Molecular Epidemiology of 16S rRNA Methyltransferase in Carbapenem-Resistant Enterobacterales: Insights from Nanjing Hospital
Introduction
Table of Contents
Recent data from CHINET indicate that the isolation rate of carbapenem-resistant Enterobacterales (CRE) in China remains high. Notably, the resistance rate of Klebsiella to carbapenems is between 21.7% and 23.1%. This high resistance poses risks as CRE infections often result in severe clinical outcomes and increased mortality. CRE has been classified as one of the three most urgent antimicrobial resistance threats. However, Escherichia coli, Enterobacter cloacae, and other Enterobacteriaceae show high sensitivity to aztreonam-avibactam, amikacin, colistin, polycolistin B, and tigecycline, with sensitivity rates ranging from 87.1% to 95.5%.
Recommended treatments for CRE infection include aminoglycosides, tigecycline, colistin, and ceftazidime-avibactam (avycaz), used alone or in combination. Research indicates that combining aminoglycosides can enhance the effectiveness against CRE. Despite recent challenges from 16S rRNA methyltransferase (RMTase), which causes high-level aminoglycoside resistance, aminoglycosides still show effectiveness in clinical settings.
This study investigates the molecular epidemiology of 16S rRNA methyltransferase genes in CRE strains from a Nanjing hospital.
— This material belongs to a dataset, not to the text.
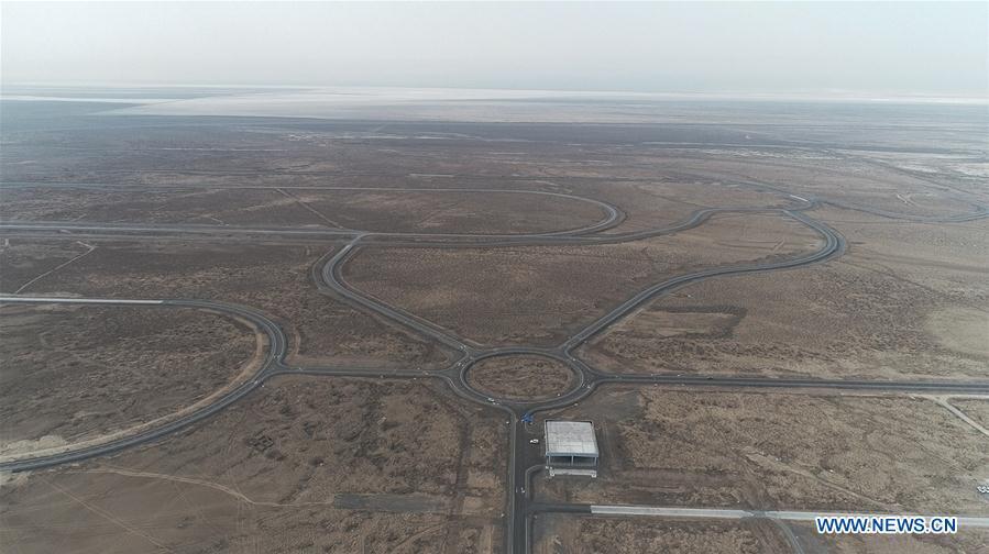 Aerial photo taken on July 30, 2019 shows the vehicle testing field funded by SAIC Volkswagen in Turpan, northwest China's Xinjiang Uygur Autonomous Region. A vehicle testing field has been put into service in Turpan, a city known as "the land of fire" in northwest China's Xinjiang Uygur Autonomous Region on Wednesday. This vehicle testing field occupies an area of 23.35 million square meters, equivalent to the size of more than 3,200 football fields. It is funded by SAIC Volkswagen, aiming to test their products including petrol-based vehicles, new energy vehicles and automotive parts under extremely dry and hot conditions. (Photo by Han Xinliang/Xinhua)

The goal is to understand the prevalence of these genes and assist clinicians in using antibiotics effectively and safely.
Materials and Methods
Species Identification and Antimicrobial Susceptibility Testing
The study included 180 unique carbapenem-resistant Enterobacterales isolates collected from Nanjing Pukou People’s Hospital between January 2020 and December 2022. All isolates were identified using MALDI-TOF MS. The susceptibility of these CRE isolates to antibiotics was tested using the VITEK-2 COMPACT system. CRE was defined as strains resistant to imipenem or meropenem, with a minimum inhibitory concentration (MIC) of 4 µg/mL. The presence of carbapenemase genes (KPC, NDM, OXA, IMP, VIM) was confirmed through PCR testing.
Detection of Drug Resistance Genes
DNA was extracted by boiling bacterial colonies in sterile distilled water. Single PCR was used to analyze for carbapenemase genes (blaKPC, blaIMP, blaVIM, blaNDM, blaOXA-48) and 16S rRNA methylase genes (armA, rmtA, rmtB, npmA, rmtC, rmtD) using specific primers. The PCR products underwent agarose gel electrophoresis for analysis.
Statistical Analysis of Data
Data were analyzed using WHONET 5.6 and SPSS software (version 22.0). Chi-square tests assessed the relationship between different groups of CRE isolates.
Results
General Characteristics of CRE Isolates
A total of 180 CRE strains were identified. Among these, K. pneumoniae made up 50.1% (91/180), followed by E. coli (30.6%), E. cloacae (7.2%), P. mirabilis (5.6%), S. marcescens (3.3%), C. freundii (1.7%), and K. aerogenes (1.1%). The majority of strains were isolated from sputum (47.22%), followed by urine (30.00%) and bronchoalveolar lavage fluid (14.44%).
Prevalence of Genes in CRE
PCR analysis revealed that 63.3% (114/180) of CRE isolates carried at least one 16S rRNA methylase gene. The most common was rmtB, detected in 80 strains. The carbapenemase genes were found in 175 out of 180 CRE strains. blaKPC was present in 115 strains, while blaNDM appeared in 43 strains.
Antibiotic Susceptibilities of CRE
Of the 180 CRE isolates, 158 (87.8%) showed resistance to at least one aminoglycoside. Resistance rates were high for gentamicin (85.0%), tobramycin (82.8%), and amikacin (54.4%). CRE strains positive for 16S rRNA methylase genes were more resistant to certain drugs compared to negative isolates but showed increased sensitivity to trimethoprim-sulfamethoxazole, tetracycline, and minocycline.
Discussion
Carbapenems are essential for treating multi-drug-resistant gram-negative infections. Despite their importance, CRE strains are emerging globally. Patients with CRE infections have a higher risk of mortality. Combining tigecycline with aminoglycosides shows promise as an effective treatment strategy, although the presence of 16S rRNA methylases presents challenges due to their role in aminoglycoside resistance.
Conclusion
The positive rate of the 16S rRNA methyltransferase gene among CRE strains in this study was 63.3%, predominantly with the rmtB genotype. These strains often also carried the blaKPC carbapenemase genes. Monitoring the prevalence of 16S rRNA methyltransferase genes is crucial for understanding drug resistance patterns and guiding appropriate antibiotic use in clinical practice.